**Required action:**
This exercise calls for the whole listing to be given again exactly, without images.

**Information provided:**
--- START ---

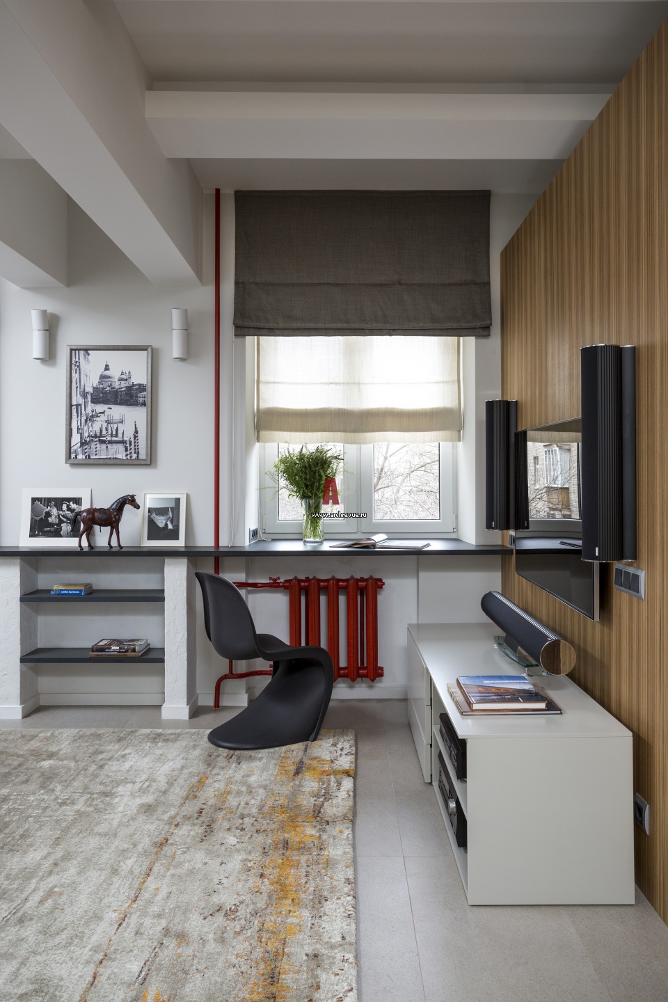 Два окна объединены подоконником из темно-серого сланца. Возле ТВ организована рабочая зона. Стул, Vitra.
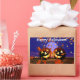 Duas abóboras brincalhão na noite de Halloween são iluminadas com risos com uma lua de cheio atrás delas e folhas de queda voadoras. Com texto personalizável "Feliz Dia das Bruxas!"
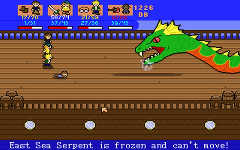 Die Kämpfe laufen in Runden ab. Ein Charakter darf eine Aktion ausführen, sobald sich die entsprechende Leiste gefüllt hat. Neben Standardattacken lassen sich Fähigkeiten und Gegenstände nutzen. Hier gibt es auch spezielle Waffen für den Kampf, die bestimmte Aktionen erfordern, um Schaden zu machen. So wird die Schüttelbombe umso stärker, je schneller du die Maus hin- und herbewegst, die Kanone dagegen muss mit Kanonenkugeln befüllt werden. Auch manche Gegner verfügen über solche Spezialattacken, die du dann durch eine bestimmte Aktion abwehren musst. Somit bestehen die Kämpfe nicht nur aus passiven Kommandos, sondern verlangen ab und zu aktiven Einsatz.

--- END ---

**Result for this task:**
 Два окна объединены подоконником из темно-серого сланца. Возле ТВ организована рабочая зона. Стул, Vitra.
 Duas abóboras brincalhão na noite de Halloween são iluminadas com risos com uma lua de cheio atrás delas e folhas de queda voadoras. Com texto personalizável "Feliz Dia das Bruxas!"
 Die Kämpfe laufen in Runden ab. Ein Charakter darf eine Aktion ausführen, sobald sich die entsprechende Leiste gefüllt hat. Neben Standardattacken lassen sich Fähigkeiten und Gegenstände nutzen. Hier gibt es auch spezielle Waffen für den Kampf, die bestimmte Aktionen erfordern, um Schaden zu machen. So wird die Schüttelbombe umso stärker, je schneller du die Maus hin- und herbewegst, die Kanone dagegen muss mit Kanonenkugeln befüllt werden. Auch manche Gegner verfügen über solche Spezialattacken, die du dann durch eine bestimmte Aktion abwehren musst. Somit bestehen die Kämpfe nicht nur aus passiven Kommandos, sondern verlangen ab und zu aktiven Einsatz.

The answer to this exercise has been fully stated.